I wonder if this kind of accident would eventually become quite rare, if "stress of weather" was not a valid defence against the low flying regulations?

Then, breaching the 500' rule (with various exceptions) would always be illegal.

Might make pilots a little more willing to turn around rather than press on, "because it's better just around the next valley".

Frank Arouet 30th May 2013 04:51

I think a lot of people have forgotten the aircraft was a helicopter and as such can operate at a lower VFR Day requirement. From memory class G operations for example can operate below 700' above ground or water. The minimum flight visibility is 800 meters. The minimum distance from cloud both horizontal and vertical is simply clear of cloud.
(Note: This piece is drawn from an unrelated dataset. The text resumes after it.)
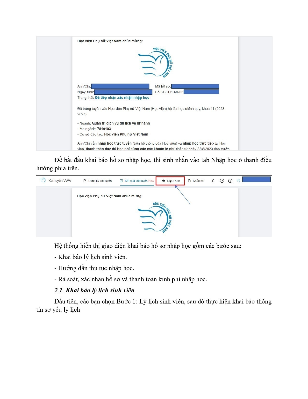 Bước 3: Thí sinh nhập học trực tiếp tại Học viện Phụ nữ Việt Nam. Thời gian nhập học từ ngày 19/8/2024 đến trước 17 giờ 00 ngày 27/8/2024. Hồ sơ nhập học thí sinh cần chuẩn bị xem TẠI ĐÂY
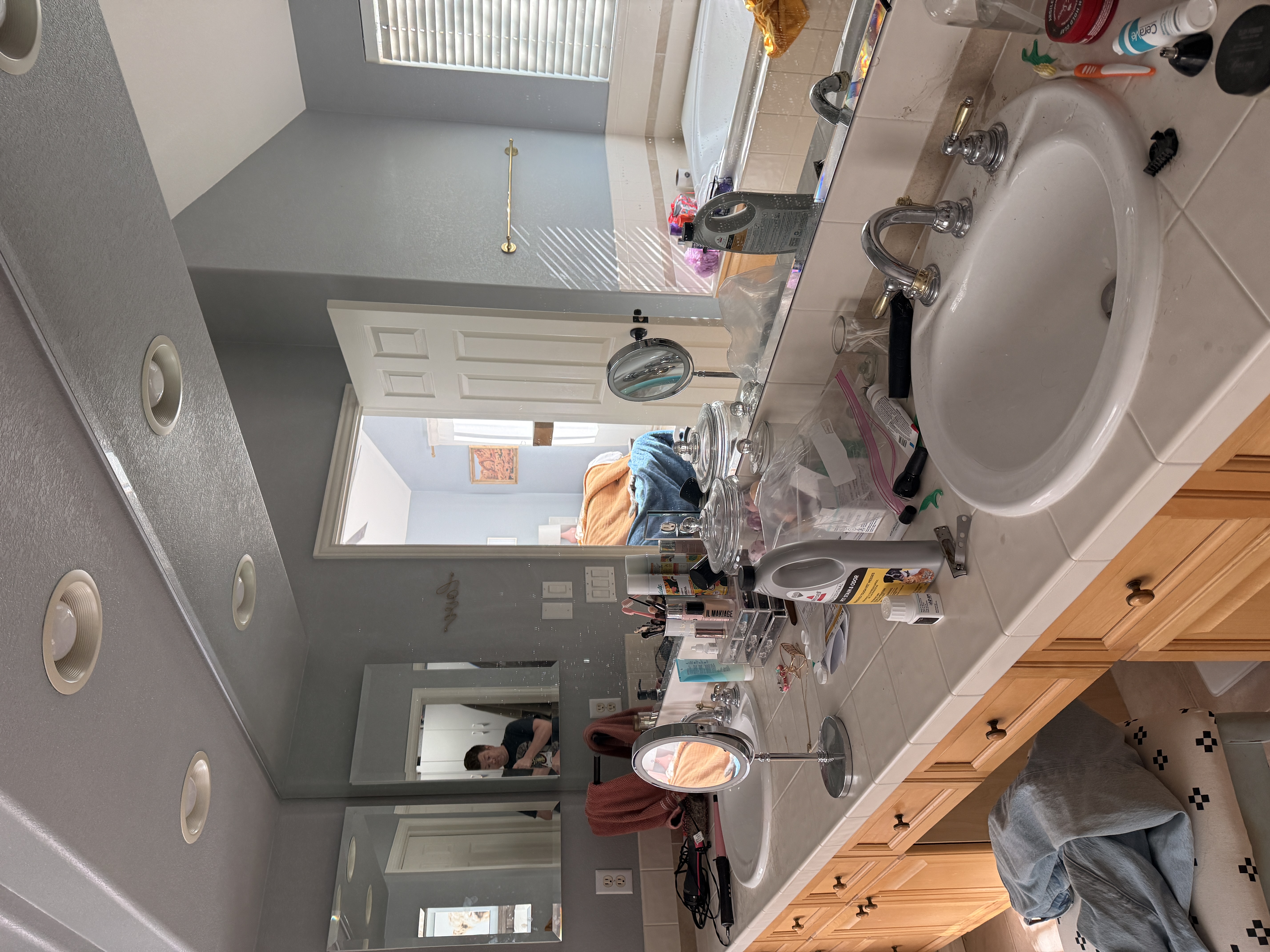 The maple cabinets dominate the vanity wall and are the single most dated element in the room. Painting them warm white, sage, or a deep color completely transforms the space. Modern cabinet paint kits require no priming or sanding โ roll on, let dry, done in a weekend.

This doesn't address the VCA point, but clearly gives more leeway than you assume of a fixed wing aeroplane.

I guess there is also the matter of forward speed to ameliorate the situation to hover or land if such an area appears.

The balls, given prior history, appear to be lacking in a duty of care which I read in the summary.

DWB50 30th May 2013 07:24

Let's not forget folks that this happened in R564 (previously R532) The balls are there for no other reason than that someone in defence obviously requested them in relation to the military airstrip at Singleton Army Base & possibly more the point that the military fly choppers & other birds low around the base. R564A is Restricted NOTAM SFC-4000 D2100-1300. I'm not a helo pilot but I always thought that when things went pear shaped you could just land the thing.
The plaintiff relied on the following:

The plaintiff pleaded numerous alleged breaches of duty of care in paragraphs [14] and [15] of its
amended statement of claim, which was filed on 7 November 2011. In my view, these allegations can be conveniently condensed into the following formulation, without detracting from their substantive importance, as allegations of breach of duty of care:

Flying in restricted airspace in contravention of Civil Aviation Regulation 140;

Flying below a safe altitude and at a height lower than 500 feet above the highest point of terrain within a radius of 300 metres at a point on the terrain vertically below the aircraft in contravention of Civil Aviation Regulation 157;
Flying when failing to keep a proper lookout so as to observe and avoid powerlines;
Failure to obtain maps or guidance materials providing an awareness of obstacles, including powerlines, in the restricted airspace.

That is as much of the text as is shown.